The New York Times recently ran a story about the staggering numbers of unwed mothers under thirty who are having children. The national average of single women under 30 years old having children is 53 % but in one small town in Ohio, it is 63%. There are a couple of troubling things about this story.
First, as a staunch child advocate, I am deeply troubled that the rates are so high. Children born to single mothers are born with a profound disadvantage. The likelihood that the children will be poor, engage in high risk activities, suffer depression and sexual abuse (to name a few) is much higher than if their mothers were married. Not to mention the pain of growing up without the consistent involvement of their fathers. But we know all that. Beyond this, there is the troubling phenomenon reported in the story that these young women birthing children complain that there are no men out there “marriage-worthy.”

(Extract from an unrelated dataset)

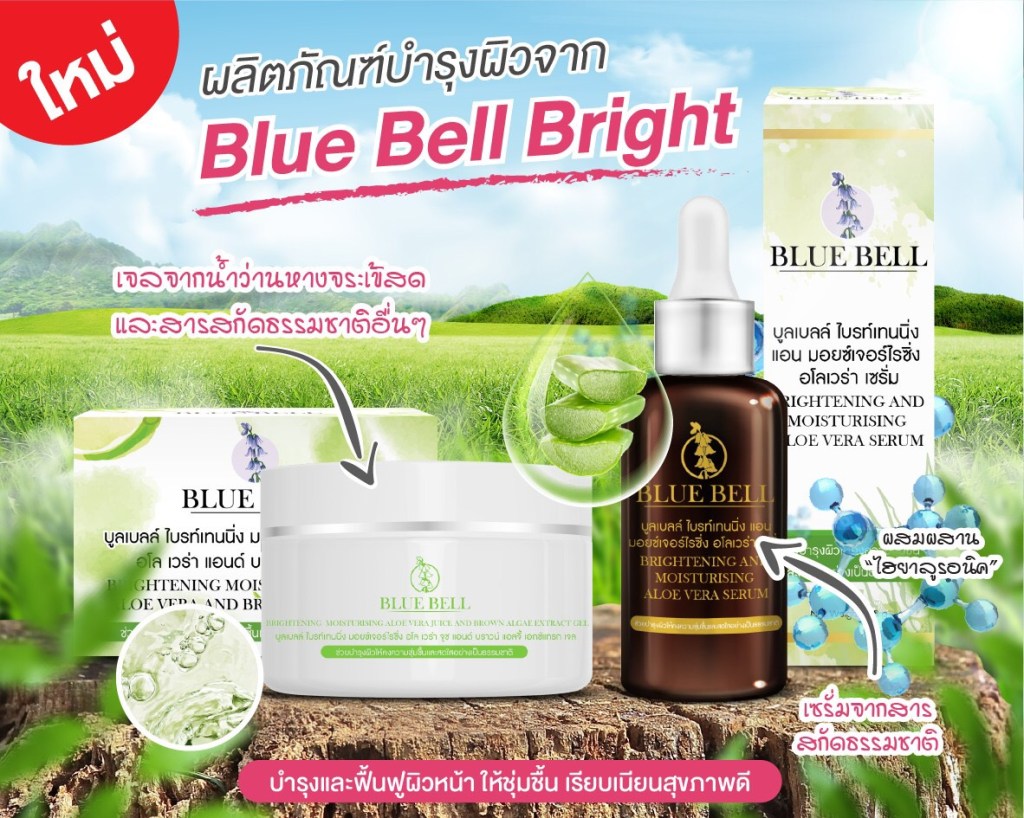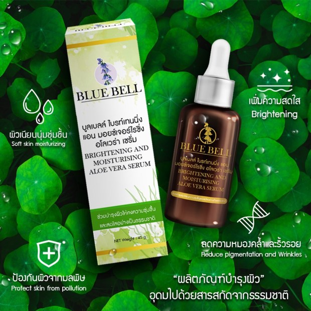 Blue Bell Bright It is made from our good selected natural botanies and various vitamins to nourish the skin to be brighten, moisturized, reduce dark spots and wrinkles, increase anti-oxidant and protecting the skin from pollution that occurs in daily life.
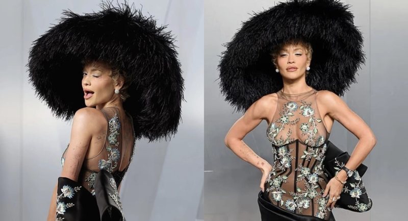 Edhe pse pamja e saj ishte shumë elegante, Rita Ora nuk hezitoi të bëjë humor me kapelen e saj të madhe. Duke folur në tapetin e kuq, ajo tha me shaka se dukej si një llambë dhe se mund të “sillet si pjesë e mobiljeve” brenda festës.

Here’s what bothers me. When did we come to the place where young women feel that men are “worthy” enough to engage in sexual intercourse and birth a child with them, but not suitable to marry? How profoundly sad for them (and their children) that these women believe women that sexual activity is divorced from commitment and respect, not to mention marriage, that they avail their most intimate selves to men they feel aren’t marriage material.
Second, the great hypocrisy is that many Americans, like some reporters for the New York Times, would accept single mothers having children as a positive, acceptable, even laudable gesture if these women were older, wealthy or famous. The truth is, we can’t have it both ways. Either intentionally birthing children into a single mother household is good for kids or it isn’t. Period. Studies show that it isn’t good for kids. We can’t ooh and ahhh at the young mothers in Ohio who are poor, single and living with a child or two and claim how sad their lives are and then oogle over single Moms in Beverly Hills. Regardless of the household income, age of mothers or notoriety, kids without Dads hurt.
Finally, we, as parents need to teach our daughters and sons that recreational sex divorced from mutual respect, commitment and marriage hurts kids. And ultimately, it hurts the single mothers left with children and the fathers who so often fade into the woodwork.